Le problème, c’est que, depuis l’indépendance du Soudan du Sud, en juillet 2011, plus rien ne va. Avec cette sécession, le régime de Khartoum a perdu les trois quarts de ses puits de pétrole. Surtout, il n’a pas anticipé cette perte de revenus par une politique de développement agricole et industriel. Pris à la gorge, le gouvernement a mis fin brutalement aux subventions sur le carburant. Du jour au lendemain, les Soudanais ont vu le prix du gallon d’essence passer de 12,50 livres à 20,80 livres ! Avec bien sûr une réaction en chaîne sur les prix de tous les produits de base. Dans les quartiers populaires d’Omdurman, la ville jumelle de Khartoum sur la rive gauche du Nil, mais aussi dans les quartiers résidentiels de la capitale, Burri, Nasir et Riyad, des milliers d’hommes et de femmes ont envahi les rues aux cris de "We don’t want Bashir !" ("Nous ne voulons plus d’El-Béchir !"). Derrière cette révolte sans précédent, c’est toute une classe moyenne qui joue sa survie.

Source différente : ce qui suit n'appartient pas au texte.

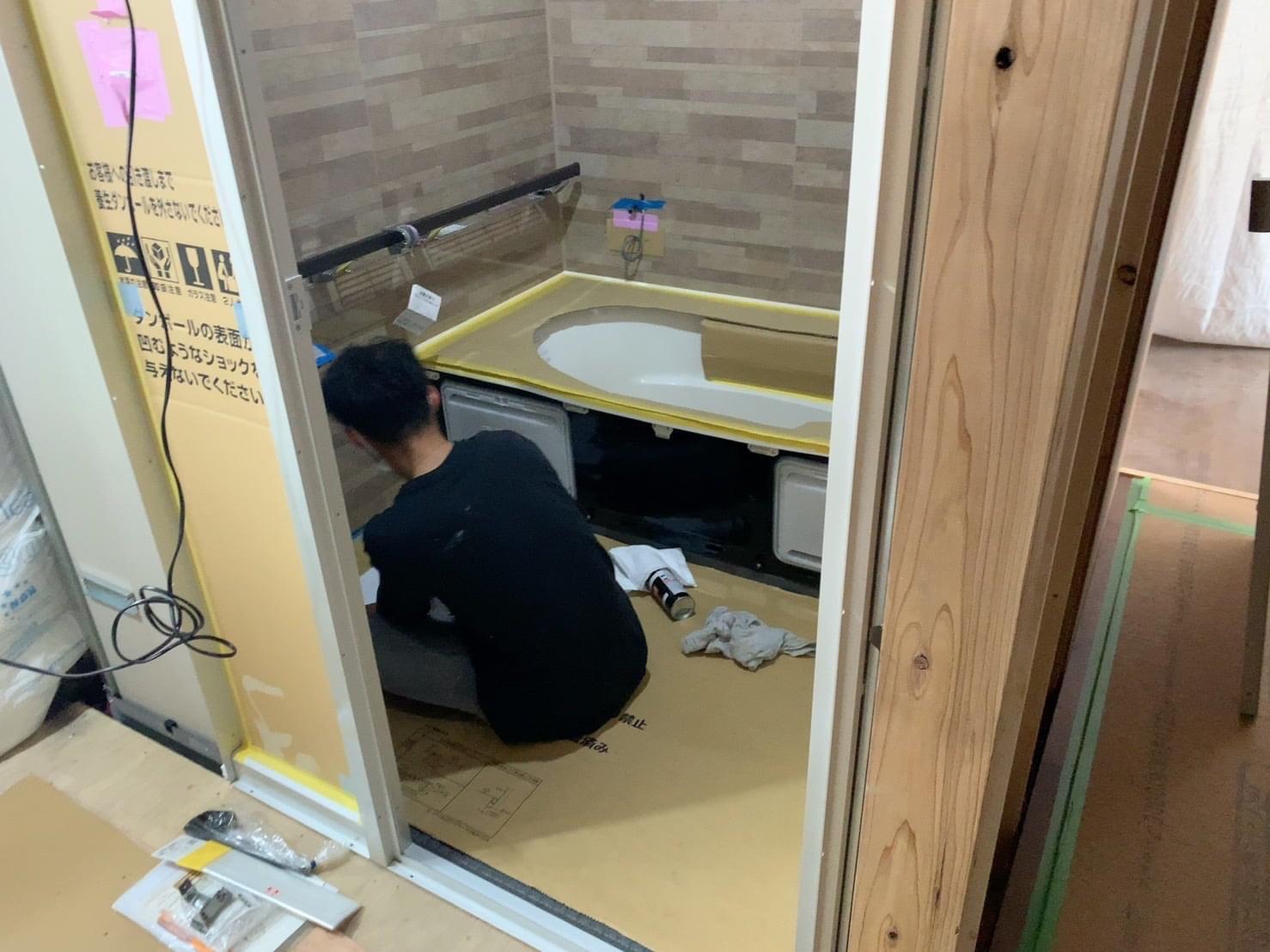 システムバスの取り付け、 リビングの内装工事をやりました。

Salah Sanhouri Mudathir, le martyr

Le 1er octobre, lors d’une cérémonie de remise de diplômes à des militaires, le chef de l’État soudanais a affirmé que c’était "une conspiration menée par des saboteurs" – sous-entendu par les rebelles du Darfour et du Kordofan du Sud. De fait, il y a deux ans, les quatre principaux mouvements armés de l’ouest et du sud du pays se sont réunis en un Front révolutionnaire du Soudan (FRS) "pour renverser le régime d’El-Béchir". Mais ces derniers jours, les jeunes qui ont défilé dans les rues de Khartoum et de Wad Madani étaient, pour beaucoup, des Arabes de la région du fleuve. Le 27 septembre, dans le quartier de Burri, à Khartoum, un pharmacien de 28 ans a été tué d’une balle dans le dos pendant une manifestation pacifique. Salah Sanhouri Mudathir appartenait à une grande famille d’entrepreneurs arabes qui avait fait fortune à Abou Dhabi. Le lendemain, des milliers de jeunes ont participé à son enterrement. L’un d’eux a twitté : "Salah, tu es un symbole de liberté et ta mort pourrait marquer la fin de vingt-quatre années de tyrannie."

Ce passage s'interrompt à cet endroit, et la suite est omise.